Memasuki empat bulan terakhir tahun 2026, Pimpinan Daerah Muhammadiyah (PDM) Lamongan mendorong seluruh Unit Pembantu Pimpinan (UPP) mempercepat pelaksanaan program kerja. Evaluasi capaian, penguatan koordinasi, dan penetapan program prioritas menjadi fokus Rapat Koordinasi antar-UPP bersama Wakil Ketua PDM Lamongan, Rabu (16/9/2026).
Rakor tersebut dihadiri Ketua dan Anggota Majelis Kader dan Sumber Daya Insani (MKSDI), Lembaga Pengembangan Cabang dan Ranting-Pembinaan Masjid (LPCR-PM), serta Lembaga Seni Budaya dan Olahraga (LSBO) PDM Lamongan.
Pertemuan menjadi ruang konsolidasi untuk melihat perkembangan program selama satu semester, mengidentifikasi agenda yang belum terlaksana, sekaligus menyusun langkah percepatan hingga akhir tahun.
Empat Bulan untuk Menuntaskan Program
Wakil Ketua PDM Lamongan yang membidangi LPCR-PM, MPK SDI, dan LSBO, Fathurrahim Syuhadi, M.Pd., menegaskan bahwa evaluasi bukan sekadar rutinitas organisasi. Evaluasi diperlukan untuk memastikan setiap program yang telah direncanakan benar-benar memiliki tindak lanjut.

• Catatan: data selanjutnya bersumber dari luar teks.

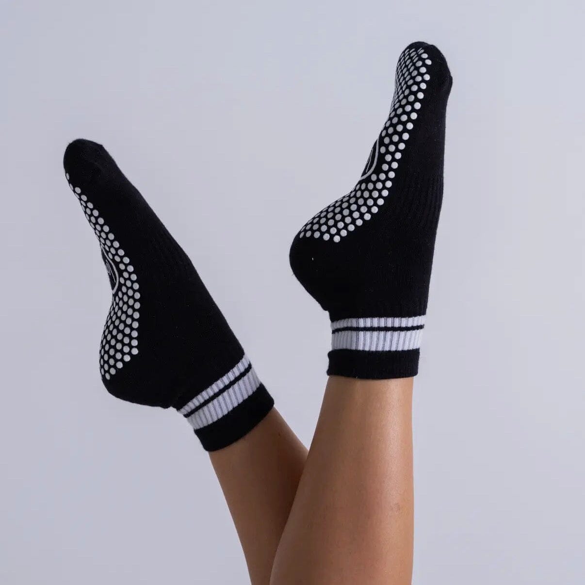Oplev den perfekte balance mellem komfort og stabilitet med vores reformer strømper i sort med hvide detaljer

Ia menyampaikan tiga hal pokok yang perlu menjadi perhatian setiap UPP. Pertama, menyampaikan perkembangan program yang telah, sedang, dan belum dilaksanakan. Kedua, melakukan evaluasi terhadap program yang telah berjalan. Ketiga, memanfaatkan waktu sekitar empat bulan yang tersisa untuk menuntaskan program yang belum terlaksana.

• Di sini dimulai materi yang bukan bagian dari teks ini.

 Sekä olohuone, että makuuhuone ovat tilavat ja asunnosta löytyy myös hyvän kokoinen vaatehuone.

“Setidaknya masing-masing majelis dan lembaga memiliki dua program unggulan yang bisa dituntaskan sampai akhir tahun,” ujarnya.
Menurut Fathurrahim, banyaknya program tidak selalu menjadi ukuran keberhasilan organisasi. Yang lebih penting adalah kemampuan menetapkan prioritas, melaksanakan program secara terukur, dan memastikan hasilnya memberikan manfaat.
LPCR-PM Perkuat Cabang dan Ranting
Ketua LPCR-PM PDM Lamongan, Yai Najih Bakar, menyampaikan evaluasi program yang meliputi aspek kepemimpinan dan pelaksanaan kegiatan.
Dalam aspek kepemimpinan, koordinasi internal terus dilakukan melalui rapat rutin, baik secara daring maupun luring. Hal tersebut dilakukan untuk menjaga komunikasi dan kesinambungan kerja organisasi.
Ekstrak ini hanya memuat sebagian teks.